Last year, Hedges suggested during a question-and-answer session on Reddit.com that the Obama administration may be defending Section 1021 so adamantly in federal court because it is already being used. If so, Hedges added this week, negating the power provided in that provision could lead the president to be found in contempt of court.

“If the Obama administration simply appealed it, as we expected, it would have raised this red flag,” Hedges said in 2012. “But since they were so aggressive it means that once Judge Forrest declared the law invalid, if they were using it, as we expect, they could be held in contempt of court. This was quite disturbing, for it means, I suspect, that US citizens, probably dual nationals, are being held in military detention facilities almost certainly overseas and maybe at home.”

This week Hedges wrote, “If Section 1021 stands it will mean that more than 150 years of case law in which the Supreme Court repeatedly held the military has no jurisdiction over civilians will be abolished.”

“It will mean citizens who are charged by the government with ‘substantially supporting’ al-Qaida, the Taliban or the nebulous category of ‘associated forces’ will be lawfully subject to extraordinary rendition. It will mean citizens seized by the military will languish in military jails indefinitely, or in the language of Section 1021 until ‘the end of hostilities’—in an age of permanent war, for the rest of their lives,” Hedges added.

When Pres. Obama signed the NDAA on New Year’s Eve, he added a statement in which he swore he wouldn’t use the military detention provision against Americans. Given recent revelations regarding his administration, however, another member of Hedges’ legal counsel told the journalist that he isn’t so certain that will stand true.

“First the terrorism-industrial complex assured Americans that they were only spying on foreigners, not US citizens,” Hedges quoted from another attorney on the case, Carl Mayer. “Then they assured us that they were only spying on phone calls, not electronic communications. Then they assured us that they were not spying on American journalists. And now both [major political] parties and the Obama administration have assured us that they will not detain journalists, citizens and activists”

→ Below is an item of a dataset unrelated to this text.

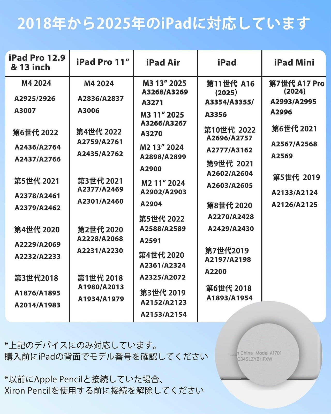 広い互換性:このスタイラスは、2018年から2025年のiPadモデルに対応しています。iPad Air 11インチおよび13インチ(M2) 2024/(M3) 2025、iPad Pro 11インチおよび13インチ(M4)、iPad 第11 世代 A16 2025、第10世代、iPad 9/8/7/6世代、iPad Mini 7 A17 Pro/6/5世代など、多くのiPadモデルと互換性があります。iPad 10世代ペンやiPadペンとしても使用可能で、スムーズな描画が可能です。購入前に[設定 > 一般 > 情報]でデバイスモデルを確認し、iPadとの互換性を確認してください。アップルペンシルのような性能を提供し、デザインやメモ作成が快適に行えます。

Hedges has already been detained by the US, Hedges added, while recalling the case of Laura Poitras, an American filmmaker who also claims to have been repeatedly held and interrogated by federal officials during years of investigative work. Poitras has most recently collaborated with the Guardian’s Glenn Greenwald on digesting the National Security Agency leaks attributed to former intelligence contractor Edward Snowden that have aided in disproving some of the promises already made by the Obama administration, as referenced by Carl Mayer.

Hedges is joined in the suit by a handful of plaintiffs, including Pentagon Papers whistleblower Daniel Ellsberg, writer Noam Chomsky and independent journalist Alexa O’Brien. When the case was first brought before Judge Forrest last year, O’Brien testified that federal contractors attempted to link a group she co-founded, US Day of Rage, with Islamic organizations in an attempt to discredit, and perhaps detain, her.

O’Brien said she had interviewed former Guantanamo Bay detainees as part of her work as a journalist and feared that those conversations could be construed as giving “substantial support” to terrorist groups of “associated forces,” as described in the NDAA.

After Pres. Obama authorized the NDAA, O’Brien said in court, “I am now fearful of doing the type of reporting that I have done on individuals and organizations that are considered terrorists by the United States government and my reporting has therefore been curtailed.”

According to emails obtained by anti-secrecy group WikiLeaks that were pilfered from private intelligence firm Stratfor, government contractors attempted to connect US Day of Rage “to any Saudi or other fundamentalist Islamic movements” in late 2011 before the NDAA was autographed by Obama. O’Brien said that she later learned that her employer was asked repeatedly by US government agents for information about the journalist’s involvement with US Day of Rage and the Occupy Wall Street movement

“I have an actual and well-founded fear that the US Government will consider me a covered person under the [NDAA] and will either detain me indefinitely or subject me to a military tribunal,” she said in a sworn statement filed March 12, 2012. “Because of this fear I have substantially curtailed my journalistic and political activities.”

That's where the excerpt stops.